In the dramatic arc of the Civil War, there may be no more emotional climax than Abraham Lincoln's visit to Richmond on April 4, 1865. The war is nearly over; in a few weeks, Lincoln will be dead.
"This is the final moments in the play," says Richmond National Battlefield Park ranger and historian Mike Gorman, who's spent nine years researching what happened during Lincoln's three-hour visit.
The president arrives with his son Tad in a humble rowboat, missing his military escort. As Lincoln steps onto the James River's sandy bank near 17th Street, black laborers working on a canal drawbridge are astounded, Gorman says: "If Abraham Lincoln is walking through town, it's true. The Confederacy is gone. Slavery is dead." People swarm to see and touch the president, alarming his anxious companions.

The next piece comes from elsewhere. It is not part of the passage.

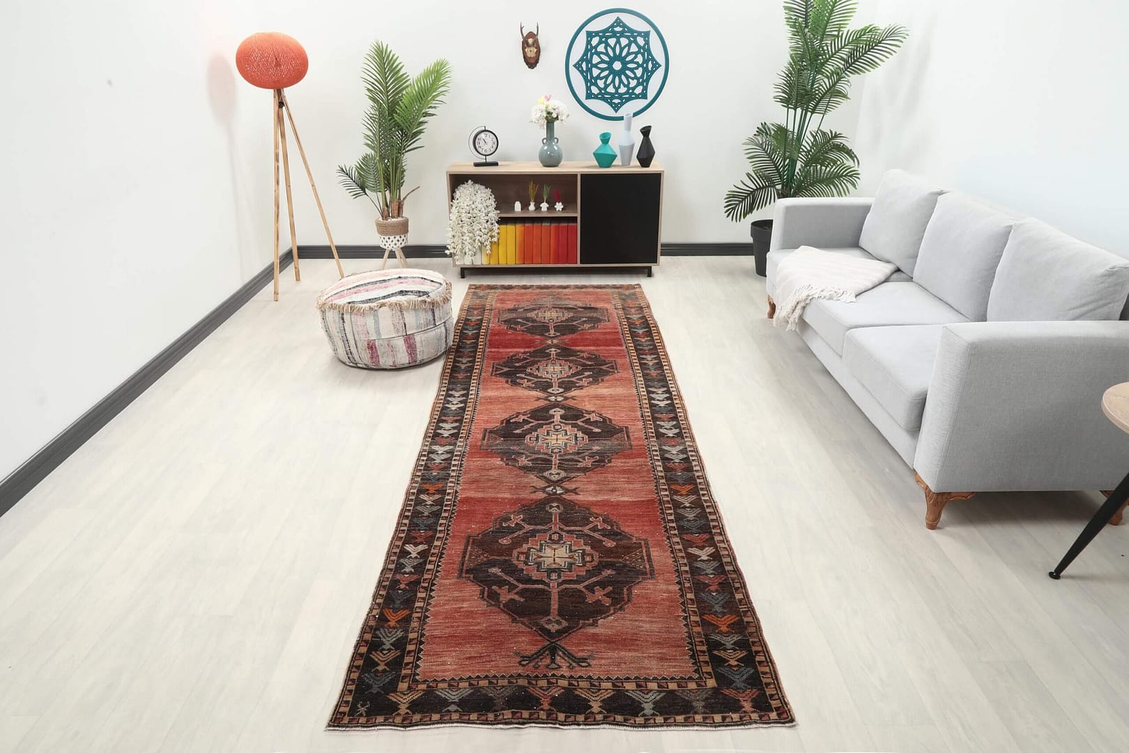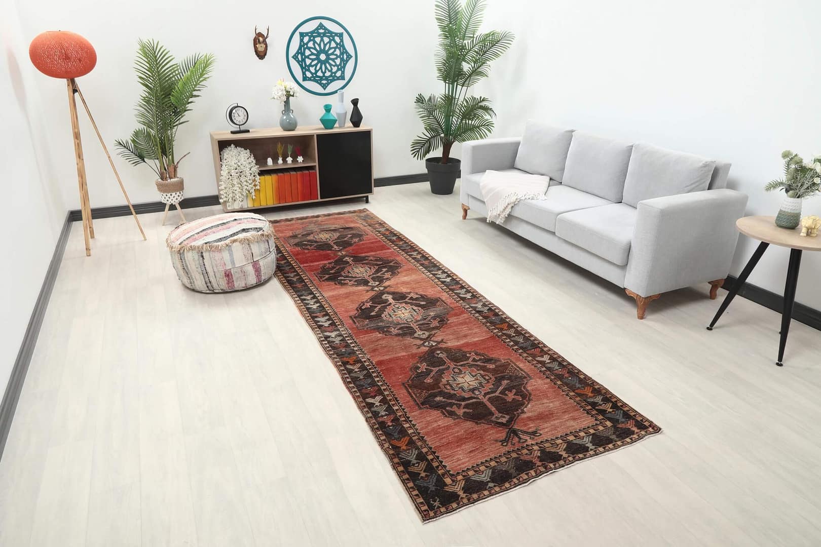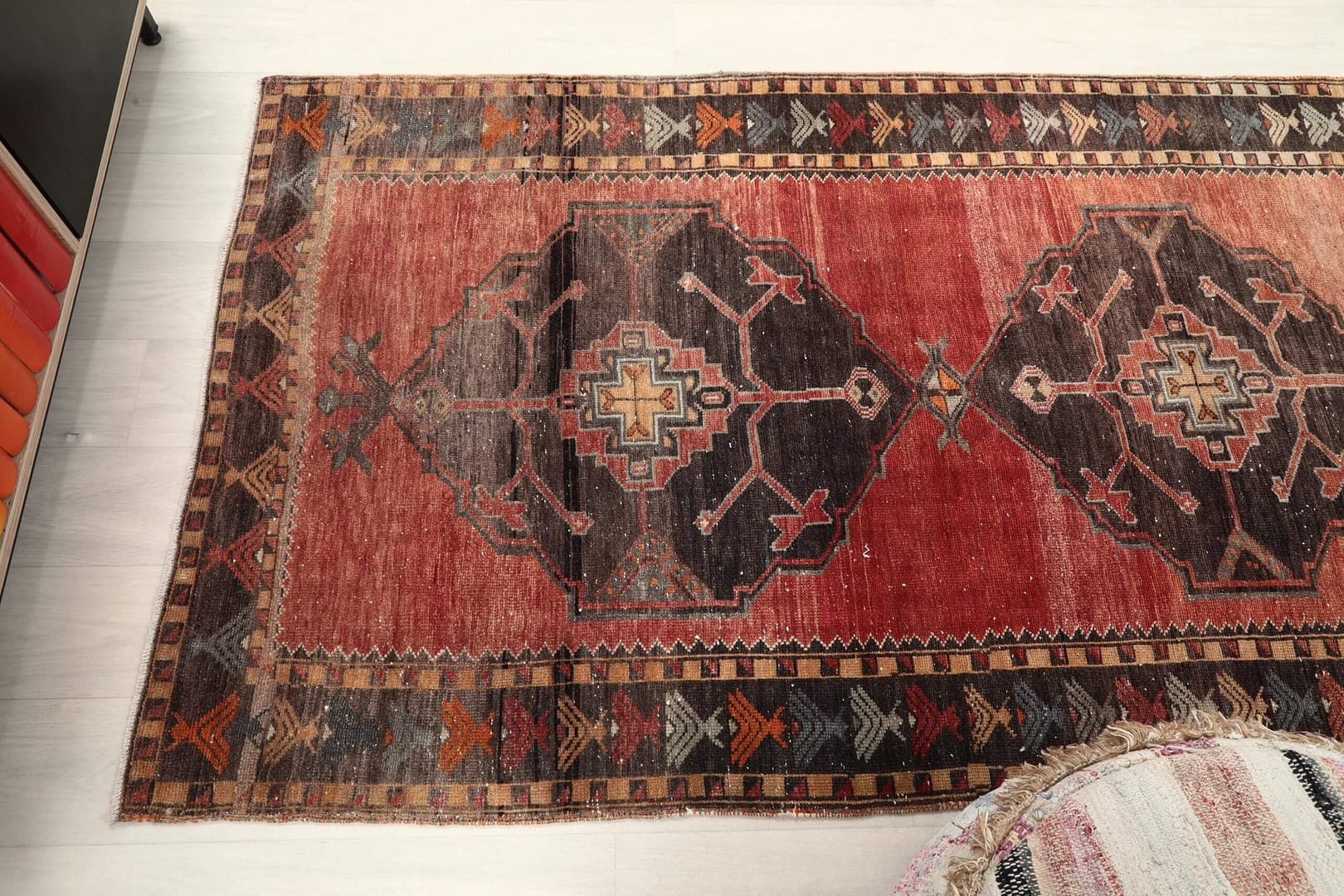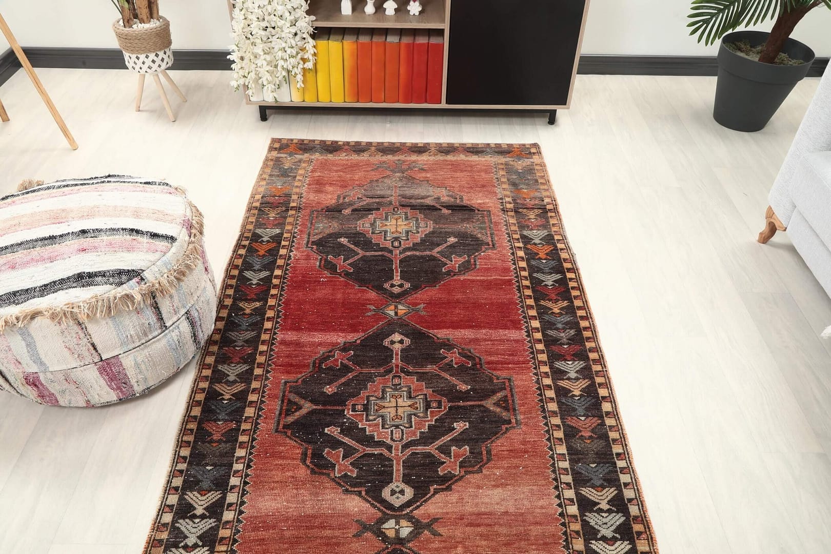 4×11 Red Brown Geometric Turkish Runner Rug,4×11 Handmade Rug, Oushak Runner, Bohemian Runner, , Vintage Rug, Kitchen Runner, Persian Runner

After meeting with former Southern leaders at the White House of the Confederacy, Lincoln tours the smoldering ruins of the city that plagued his presidency and sees bleak Libby Prison, where so many Union prisoners suffered. Weary and disheartened, he breaks down. He may have wept. Lincoln tells the Union occupiers to "let 'em up easy." And he sails down to City Point in Hopewell, there to dream of his own death.

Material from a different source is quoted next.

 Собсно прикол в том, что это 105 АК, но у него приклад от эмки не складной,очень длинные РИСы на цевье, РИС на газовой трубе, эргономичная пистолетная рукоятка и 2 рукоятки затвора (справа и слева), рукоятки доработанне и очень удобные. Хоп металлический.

Yet Lincoln's visit isn't in Steven Spielberg's film, according to those who have seen it. And the city of Richmond — despite serving extensively as a stand-in for Washington — doesn't itself get a starring role. So will the film inspire anyone to visit Richmond and see where Lincoln walked?
The Virginia Tourism Corp. hopes so. It's developing what it calls a Lincoln trail experience that includes filming locations, historic Lincoln sites and even local restaurants where Hollywood stars hung out. The city of Petersburg, too, plans tours and activities to lure Lincoln tourists. But the leaders of local attractions aren't expecting much.

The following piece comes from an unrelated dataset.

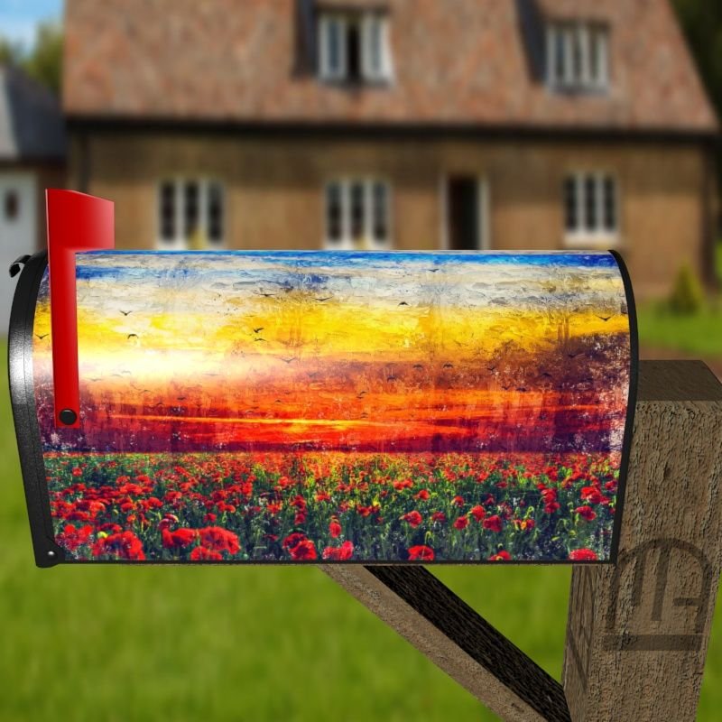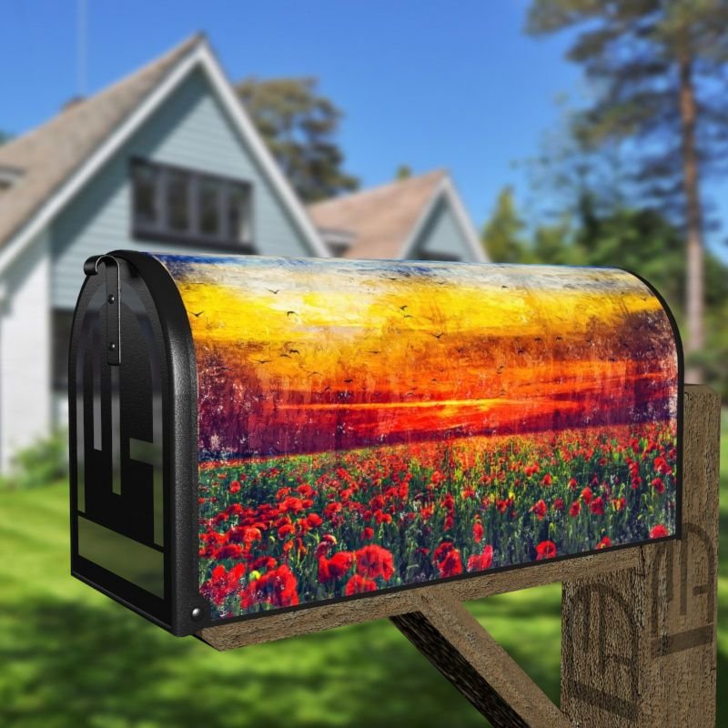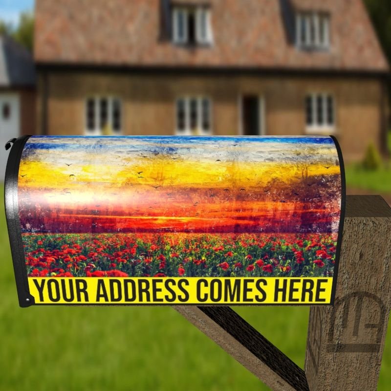 Grab this creative Sunset Poppy Field rural/curbside/farm mailbox cover as self adhesive vinyl or magnetic cover. Our magnetic covers have the magnetic surface under the whole design, not only two magnet strips like in cheaper products. We also offer both the self adhesive and the magnetic covers with regular opaque white vinyl or reflective vinyl which works the same way as the licence plates or road signs; pretty visible at night. We make these covers for both large and small mailboxes.

"If there's a bump, it's great," says Christy Coleman, president of the American Civil War Center at Historic Tredegar. She isn't counting on it: "I'm probably going to be hung by my toenails for saying it, but I really think 2013 is going to be the big year for Gettysburg." The 150th anniversary of the Battle of Gettysburg takes place in July.
Another local draw for Civil War tourists, the Museum of the Confederacy, also isn't counting on a Lincoln lift. People instead will arrive in 2015 for the anniversary of the war's end, predicts museum's president, S. Waite Rawls III.
Dave Ruth, superintendent of the Richmond National Battlefield Park and Maggie L. Walker National Historic Site, has seen increased interest in Lincoln in recent years, and hopes to develop "a continuous telling of this story." Perhaps a regular walking tour that follows Lincoln's footsteps in Richmond, like the two Gorman led last Sunday; perhaps, in 2015, a gathering of impersonators in stovepipe hats.
Ruth is optimistic about the movie's potential effects. "We're always trying to find a way to make history relevant," he says. "Hollywood always seems to be one of the answers."